Она сказала, что ее тошнит и хорошо бы поскорей добраться до пансиона. В комнате ее несколько раз вырвало, сперва в раковину, потом он принес от старухи таз. Туалет был в коридоре, Каблуков ждал, пока она выйдет, и, подхватывая под мышки, провожал в комнату. Она кое-как отталкивалась: вам запрещено. Попросила принести кока-колу. Это я ихние фрутти-ди-маре съела, не надо было... Когда он вернулся с бутылками, сказала: противно... Не противнее, чем я в Кливленде под душем... Противнее. Туалетная бумага, плотный рулон, чуть ли не изящный, когда доходит до диаметра, в аккурат равного длине, мягкая в одних сортах, наподобие рисовой в других, - а вообще-то: подтирка. У меня температура - я чувствую... Закрыла глаза, похоже, заснула.

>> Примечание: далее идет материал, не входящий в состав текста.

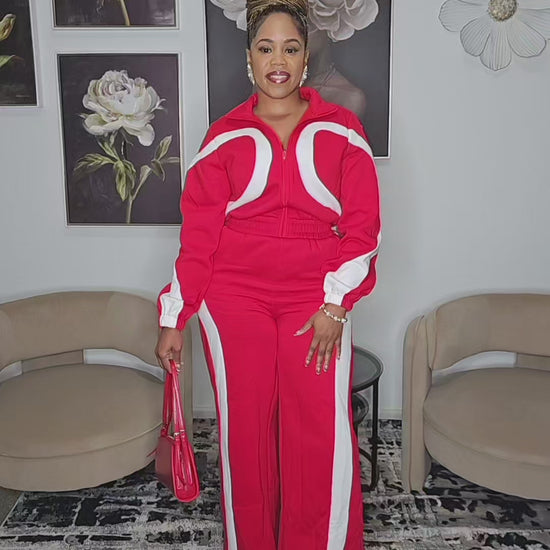 Premium red fabrication with bold, couture-inspired white accents
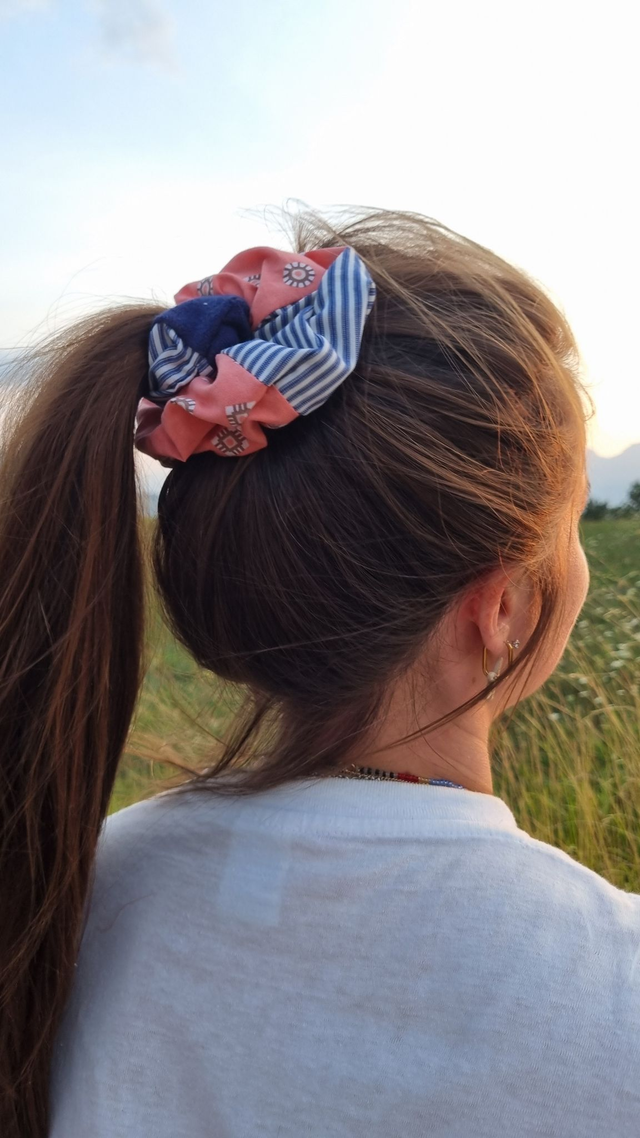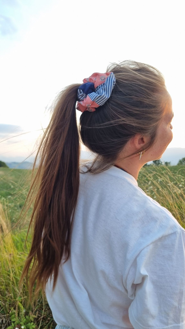 Chaque chouchou est unique et confectionné à partir des chutes de tissu issues de la création des chemises upcyclées : rien ne se perd, tout se transforme.
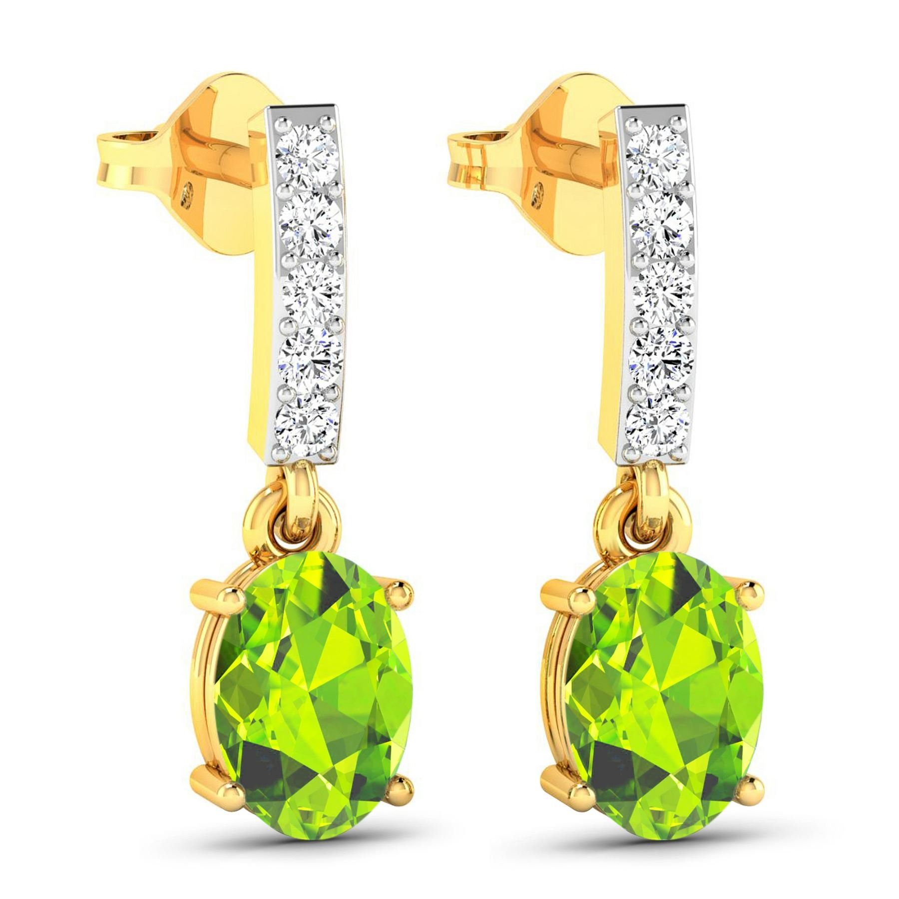 Peridot Oval 7x5mm - 2Pcs + White Diamond F/C Round 1.50mm - 10Pcs ( Push-Post ) ( White Pan Rhodium ) ( I1-I2/I color ) Total weight of gemstones is 1.26cts. Total Diamond weight is 0.14cts. Total weight of these earrings are 1.92 grams.
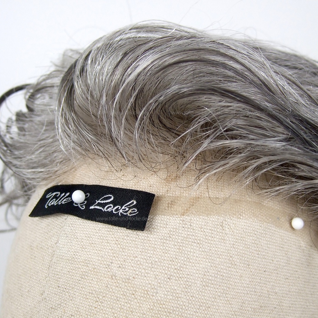 Sonderangefertigte Premium Stock Ware für einen Herren. Netz/Folien Kombination. Rund 80 % Grauanteil. (gering bis) Mittlere Haardichte mit (leicht) graduiertem, unregelmässigen Haaransatz.
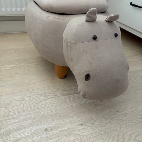 Bemærk ridsen på flodhestens kind, hvilken har gjort den ikke er sat på som ny, på trods af, at den er ubrugt.
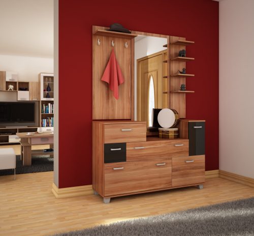 Előszobafal tükörrel fiókokkal cipőtartó szekrényekkel fogasokkal nyitott polcokkal
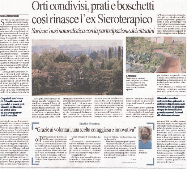 Un’intera pagina di Repubblica dedicata al progetto e dalla realizzazione del Parco, con interviste a all’Associazione Parco Segantini, al Vicesindaco Ada Lucia De Cesaris e a Italia Nostra Milano Nord.

Он сел у окна, открыл пошире: другой дом в пяти метрах, маленькие окошки по диагонали, вдоль внутренней лестницы. За одним детское лицо глядящее прямо на Каблукова. Он подмигнул - ребенок подмигнул ему. "Все разрушает красоту, - заговорила Ксения. - Красота - это то, что всем и каждую минуту разрушается. Бумага, стульчак... Я не обличаю "низость", допускаемую до "высоты", а, наоборот, утверждаю - их совмещение. Они не должны не совмещаться. Суть в том, чтобы совмещаться. Мне получше. Но я бы полежала". "Надо тебя взять в деревню. У нас там по дороге в сторону Каширы есть церковь, прямо на проселке, деревня Быки. Не больше, не меньше, как в равеннском стиле шестого века".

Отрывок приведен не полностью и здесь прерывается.